1940s

What is now the Irish Farmers Journal was founded in 1948 as a monthly magazine called the Young Farmers Journal. Produced by Macra na Feirme and with Macra founder Stephen Cullinan as editor, the first eight-page edition was published on 1 July 1948, costing 2p. The content focused on educational articles on practical ways to improve your farm.

1950s

By January 1950, the magazine was thriving and being sold to farmers across Ireland and internationally. Now renamed the Irish Farmers Journal, the publication moved to a weekly print run but struggled financially. It was sold by Macra to the Fleet Printing Company, which cut it back to fortnightly editions.

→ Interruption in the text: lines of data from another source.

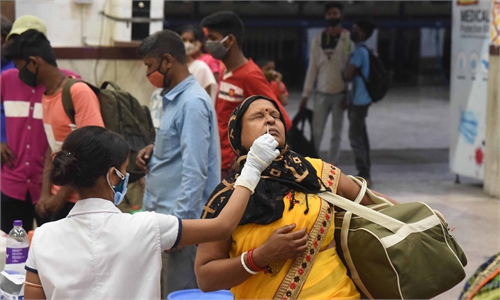 Passengers stand in a queue at a ticket counter to board buses for their native place, after authorities announced 14 Days lockdown , amid surge in coronavirus cases across the country, at Sindhi camp bus stand in Jaipur , Rajasthan, India, on Sunday. Photo: VCG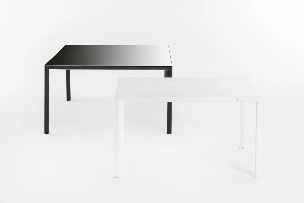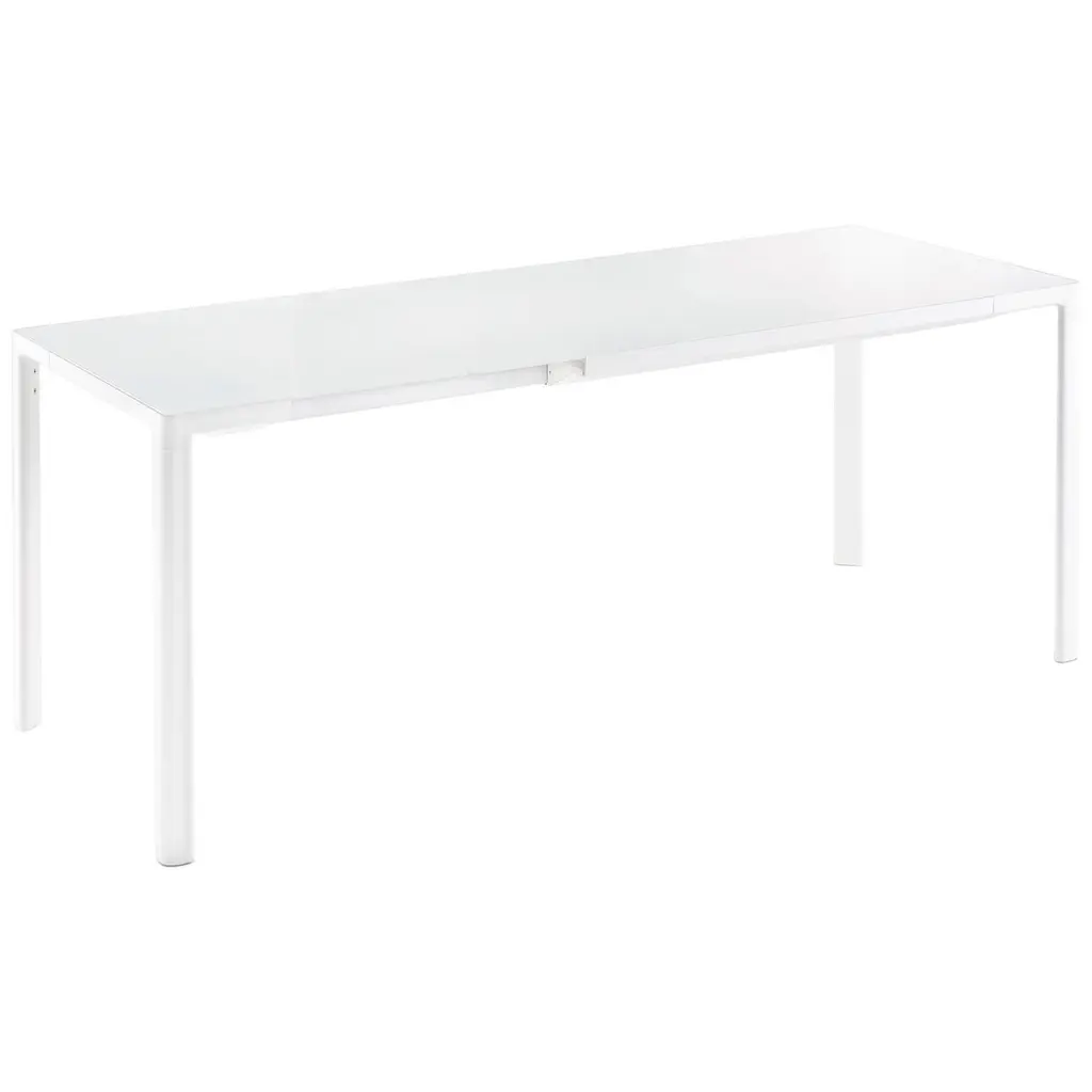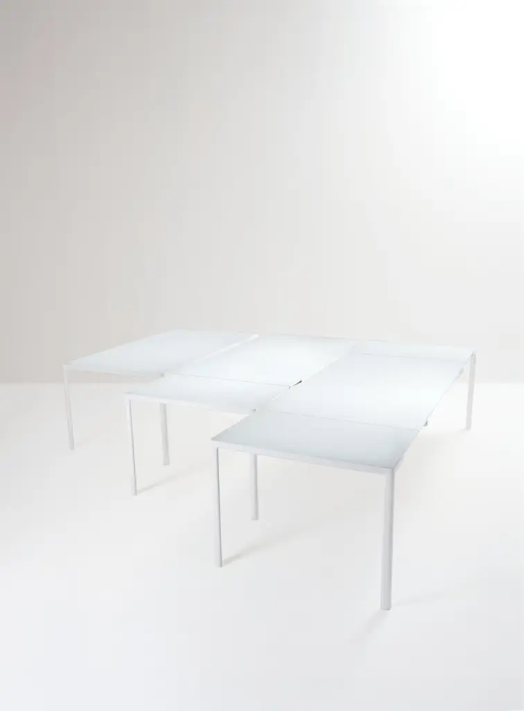 Kartell’s collection of tables now offers yet another function thanks to the extension table designed by Piero Lissoni. Zoom has a solid and rigorous frame but the legs of bent laminate taper its shape. The tempered glass top back-painted white is elegant and austere but is also sturdy and scratch resistant. Zooom comes with a fixed frame.Made of: Tempered glass top/ aluminum base.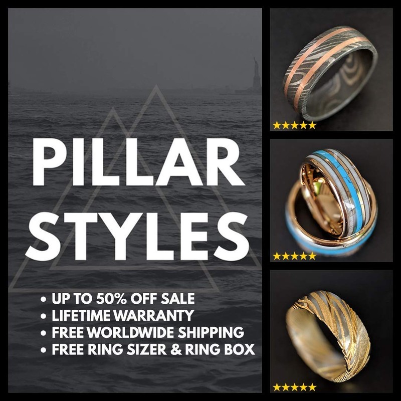 The inlays evoke a powerful, unique wedding band that really gives you the "WOW" factor when being worn. Other Pillar Styles customers have noted how shimmering and eye catching it is - especially in the sunshine! The photos don't do this ring justice - it looks even better in person. If you're going to wear a ring daily, why not choose one that stands out as powerful and exclusive to you?
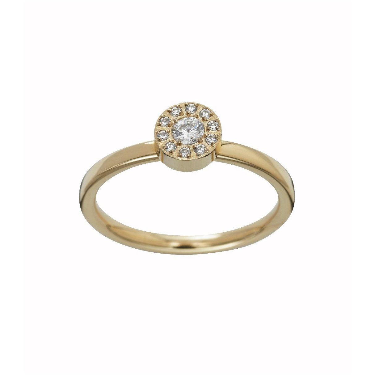 Thassos is one of the top selling lines with several pieces to mix and match for both everyday and more festive occasions. Thassos Ring Mini features a round ornament with one large and 10 smaller clear stones set in a rounded rail in 14K gold plated stainless steel.

In 1951, as chair of Macra na Feirme, John Mooney brought a proposal to PaddyO’Keeffe to purchase the Irish Farmers Journal.

Enter John Mooney, Macra chair, who joined forces with Paddy O’Keeffe and Michael Dillon, to buy back the paper from the Fleet Printing Company for £2,000.

Mooney invested £10,000, all of which was lost in the first year. But by 1952, the ship had been turned and by 1954, 18,000 copies a week were being sold.

The National Farmers’ Association, later the Irish Farmers Association, was founded on 6 January 1955, with close links to the paper.

Meanwhile, rural electrification changed farms and farmhouses across Ireland, bringing with it milking machines, water pumps and other labour-saving devices.

TK Whitaker’s 1958 economic report led to the Programme for Economic Expansion, with £14m allocated for agriculture across five years.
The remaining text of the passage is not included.